The fall armyworm has affected crops in 18 provinces and is predicted to reach China’s corn belt in the northeast of the country.

Stink Bugs Could Be Unleashed to Battle China's Fall Armyworms
A farmer displays the caterpillar larva of a fall armyworm, also known as Spodoptera frugiperda, on the damaged leaf of a corn plant on his farm. (Photographer: Waldo Swiegers/Bloomberg)

(Bloomberg) -- Scientists in China are seeking to deploy an army of predatory stink bugs to battle a fall armyworm incursion that threatens to devastate the country’s grain crops.

The insect, Arma chinensis, is a natural enemy of fall armyworm, according to the Institute of Plant Protection of the Chinese Academy of Agricultural Sciences. Researchers there believe it may be a useful biological agent to control the crop-ravaging caterpillar, which arrived in China early this year after spreading from the Americas to Africa and across parts of southern Asia.

Stink Bugs Could Be Unleashed to Battle China's Fall Armyworms

The stink bug’s killing powers are impressive. A mature nymph can exterminate as many as 41 fall armyworm larvae a day by anesthetizing and paralyzing the pest, and sucking out body fluid causing fatal damage to internal organs, Chinese scientists found during a field trial in the southwestern province of Yunnan.

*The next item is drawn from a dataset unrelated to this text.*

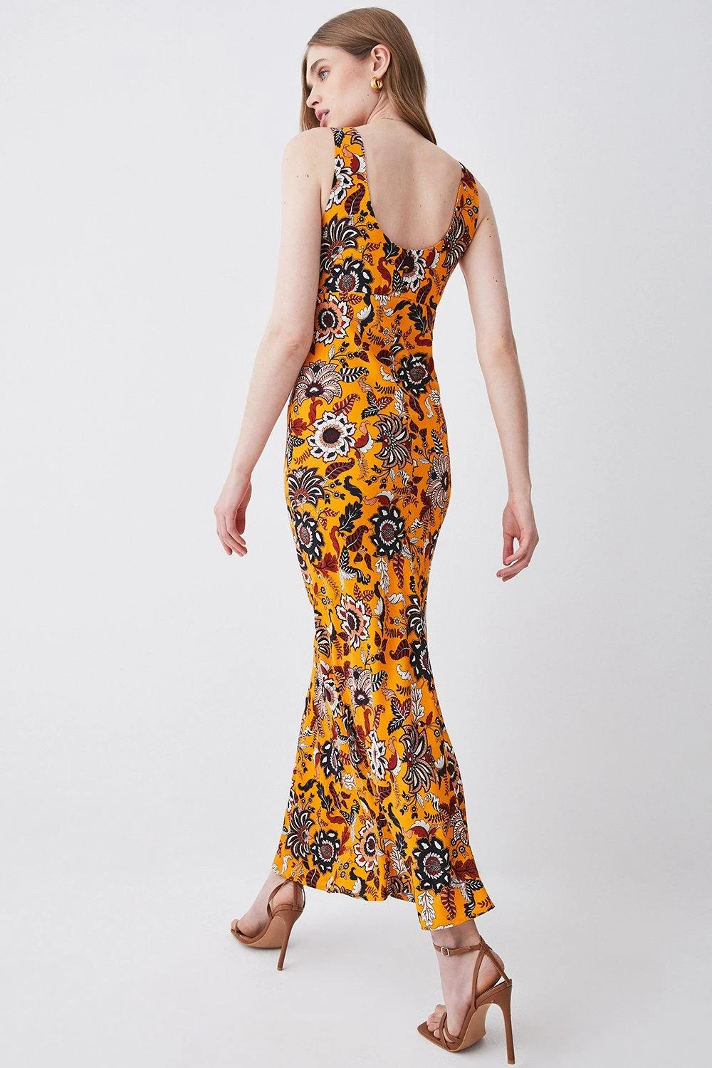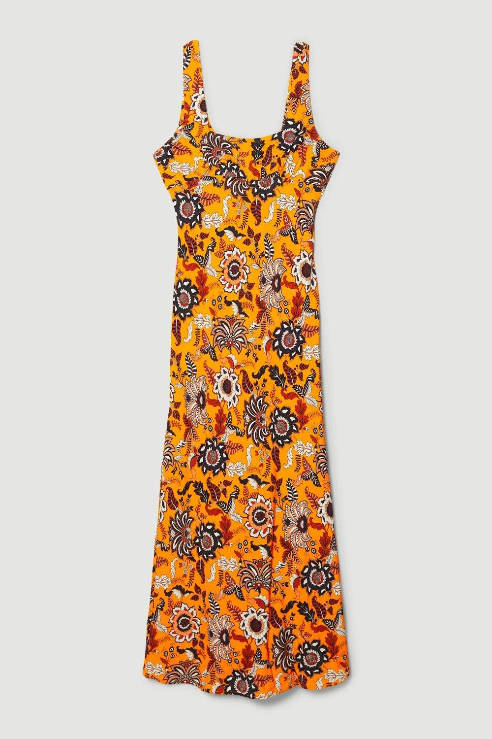 The vibrant colour palette of this dress beautifully complements a batik floral print, while a fluid silhouette drapes down to a maxi hemline. A square neckline gives the piece elegant appeal, style the dress with nude heels for an elevated ensemble, or boots and a leather jacket for an everyday look.

The fall armyworm has affected crops in 18 provinces and is predicted to reach China’s corn belt in the northeast of the country this month. There’s a “high probability” that the pest will spread to the entire country’s grain-producing area in the next year, the U.S. Department of Agriculture said on May 29.

The Institute of Plant Protection has set up a “factory” that can breed 10 million stink bugs a year to sustainably manage the pest without heavy reliance on pesticides.

The stink bug is widely distributed in China and is usually found on elm and poplar trees, and in cotton and soybean fields, the institute’s researchers said in a 2012 paper.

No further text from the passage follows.